● How to complete this task
Among the entries below, which lines run from the line with "Bicicleta inusual con" through the line with "Die offenen Gestaltungselemente"? Retype those, both ends included, exactly and without pictures.

● Entries shown

********

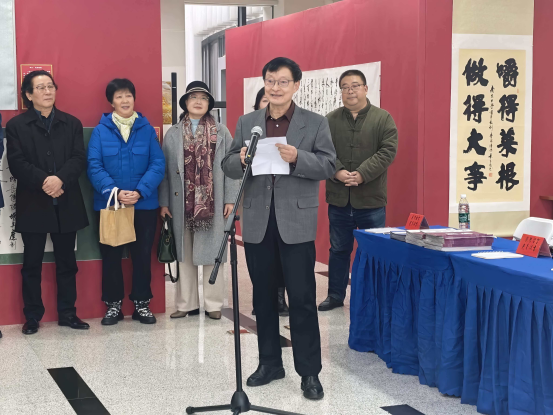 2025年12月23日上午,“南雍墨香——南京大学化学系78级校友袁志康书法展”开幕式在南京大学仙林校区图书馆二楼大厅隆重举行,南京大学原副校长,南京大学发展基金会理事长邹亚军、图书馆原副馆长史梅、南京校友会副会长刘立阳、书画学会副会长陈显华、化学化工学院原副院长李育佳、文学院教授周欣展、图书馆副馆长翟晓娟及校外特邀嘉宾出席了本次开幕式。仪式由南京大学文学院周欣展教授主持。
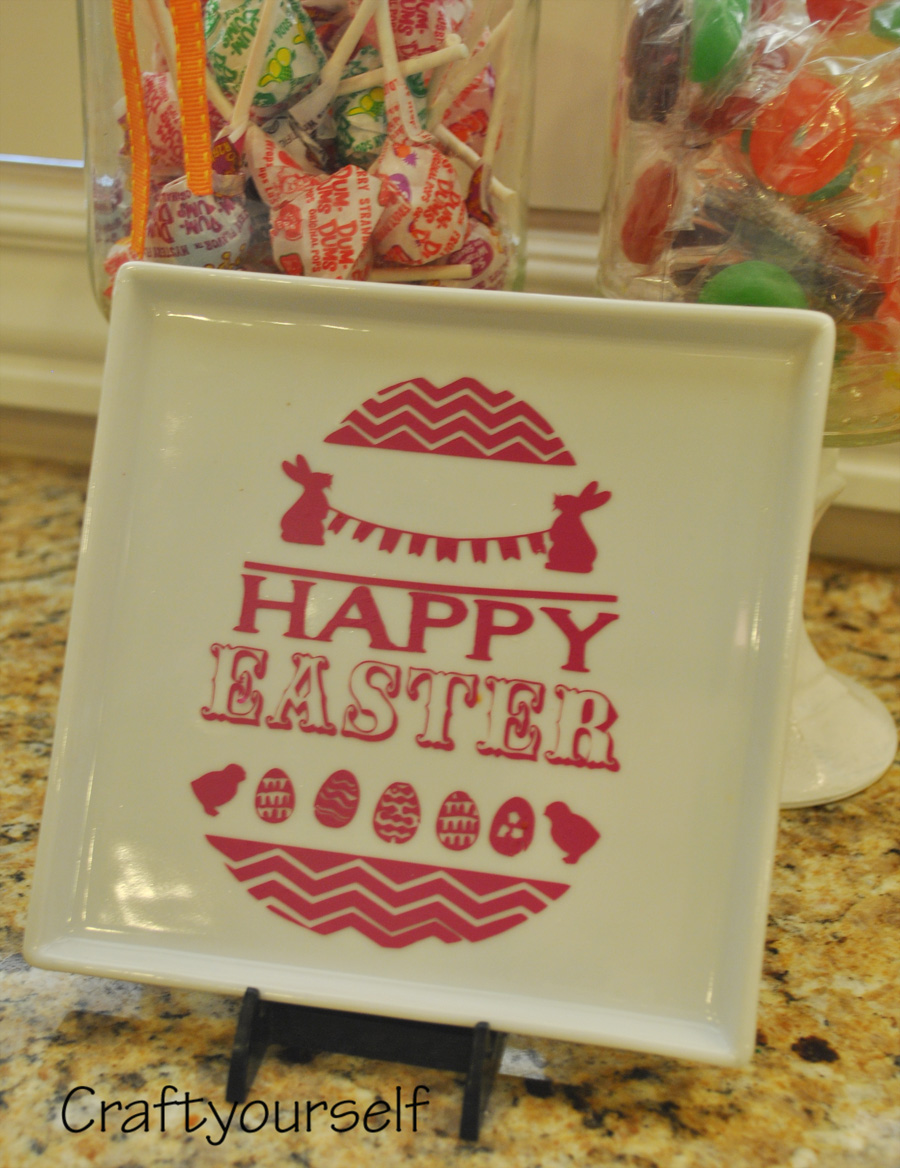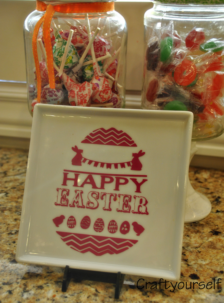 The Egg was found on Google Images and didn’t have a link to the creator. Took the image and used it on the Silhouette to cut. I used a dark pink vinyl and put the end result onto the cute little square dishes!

********

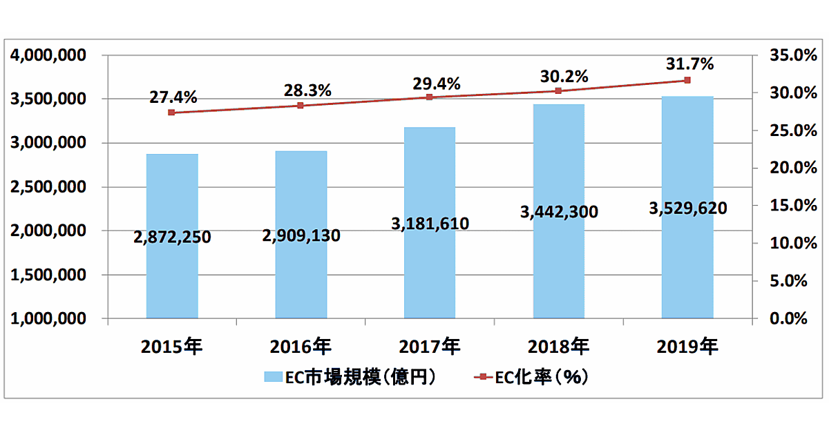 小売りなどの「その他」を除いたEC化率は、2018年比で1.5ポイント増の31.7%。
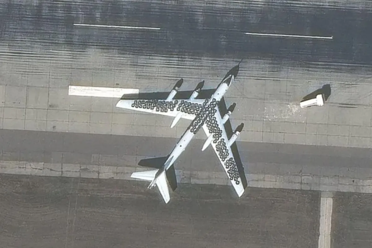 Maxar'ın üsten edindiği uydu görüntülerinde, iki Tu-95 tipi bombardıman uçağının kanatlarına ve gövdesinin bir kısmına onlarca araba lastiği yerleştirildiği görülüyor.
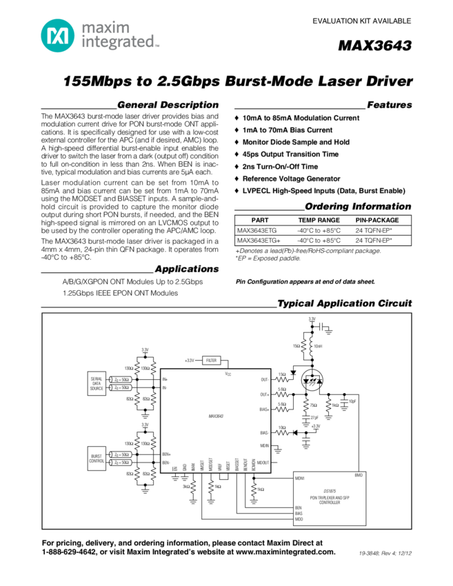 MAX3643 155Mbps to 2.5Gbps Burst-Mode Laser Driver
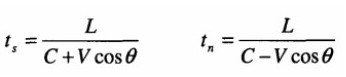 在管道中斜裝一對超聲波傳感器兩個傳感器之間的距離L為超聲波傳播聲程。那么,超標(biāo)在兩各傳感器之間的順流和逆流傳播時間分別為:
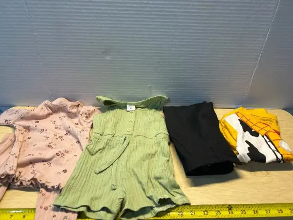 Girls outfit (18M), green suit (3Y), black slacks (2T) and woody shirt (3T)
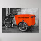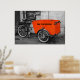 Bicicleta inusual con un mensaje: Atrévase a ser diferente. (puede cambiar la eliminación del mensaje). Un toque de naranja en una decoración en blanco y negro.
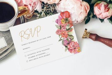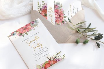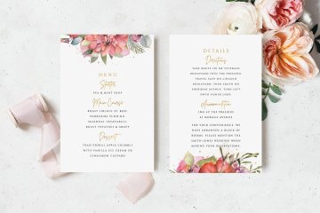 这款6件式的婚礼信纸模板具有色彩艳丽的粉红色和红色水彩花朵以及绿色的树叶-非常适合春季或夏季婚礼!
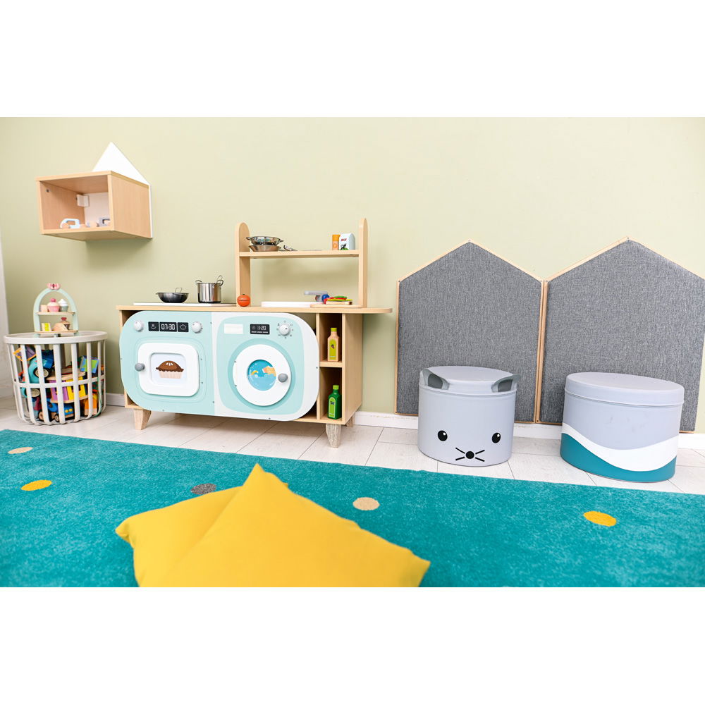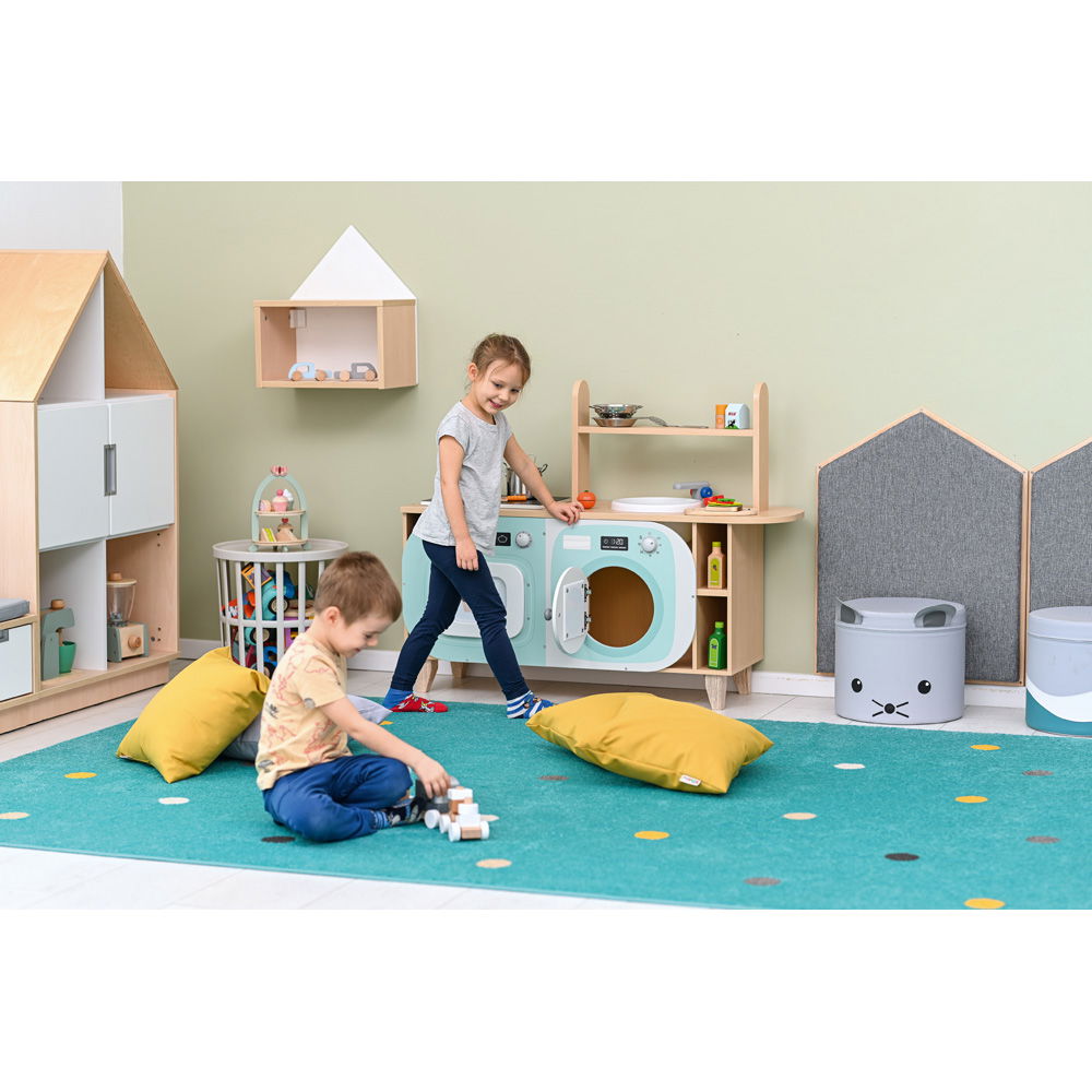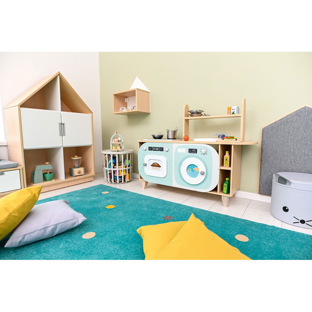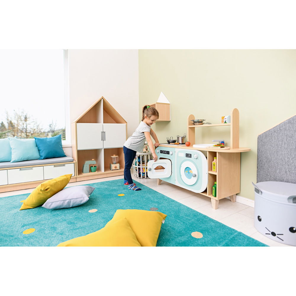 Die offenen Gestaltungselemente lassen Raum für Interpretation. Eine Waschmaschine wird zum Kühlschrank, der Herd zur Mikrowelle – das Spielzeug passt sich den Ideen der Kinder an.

********

● Result of this task
 Bicicleta inusual con un mensaje: Atrévase a ser diferente. (puede cambiar la eliminación del mensaje). Un toque de naranja en una decoración en blanco y negro.
 这款6件式的婚礼信纸模板具有色彩艳丽的粉红色和红色水彩花朵以及绿色的树叶-非常适合春季或夏季婚礼!
 Die offenen Gestaltungselemente lassen Raum für Interpretation. Eine Waschmaschine wird zum Kühlschrank, der Herd zur Mikrowelle – das Spielzeug passt sich den Ideen der Kinder an.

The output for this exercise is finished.